SNP typing of the samples was accomplished using a chip containing the SNPs of Illumina Canine HD chip (Illumina, San Diego, CA, USA) as well as SNPs by the LUPA consortium [25,26]. Genotyping was performed by Neogen Corporation (Ayr, UK). The SNP-chip contains 234 K SNPs including the subset of markers described by Parker et al. [24].
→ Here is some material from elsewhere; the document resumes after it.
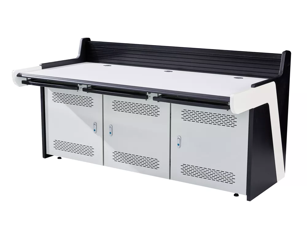 Los productos presentan un diseño extremadamente simple y compacto, que elimina estructuras redundantes para maximizar la utilización de la consola en un espacio limitado. Se pueden colocar contra una pared, en el centro o en otros lugares, sin ocupar espacio de actividad adicional, lo que facilita el movimiento flexible y la colaboración entre múltiples estaciones para los operadores. El cuerpo está construido con placa de acero laminada en frío de alta especificación, sometida a múltiples procesos de conformado y tratamientos superficiales, lo que da como resultado una estructura robusta y resistente a la deformación que puede soportar varios tipos de desgaste debido al uso diario de alta frecuencia en salas de monitoreo.

2.5. Merge of Databases and Filtering for HSV-Enhanced SNP-Set

An important aspect of this research was to compare the former version of Illumina Canine HD (174 K) genotypes of the breeds included in the database [24] with the genotypes of the Hungarian samples typed on the Canine HD (234 K) chip. The 174 K [24] and the 234 K datasets were merged and used in the Admixture (Figure 1) and PCA studies (Figure 2). In the merged dataset, only those SNPs that were present in both sets were used, which had a call rate above 0.95. After filtering, the merged dataset contained 145,453 SNPs. It was then used to search for HSV-enhanced markers. The HSV was compared to all the other breeds in the Parker et al. database [24], except the VIZS breed, by calculating the Fst values of the markers. Only those SNPs were retained from the HSV-enhanced set for further analyses, which had Fst values higher than or equal to 0.4 and were not in linkage disequilibrium (threshold = 0.5, composite haplotype method, [27]). Finally, 924 SNPs were selected into the HSV-enhanced set and were used in GeneClass2 software, PCA (Figure 3), PCA-distance, and IBS-central methods.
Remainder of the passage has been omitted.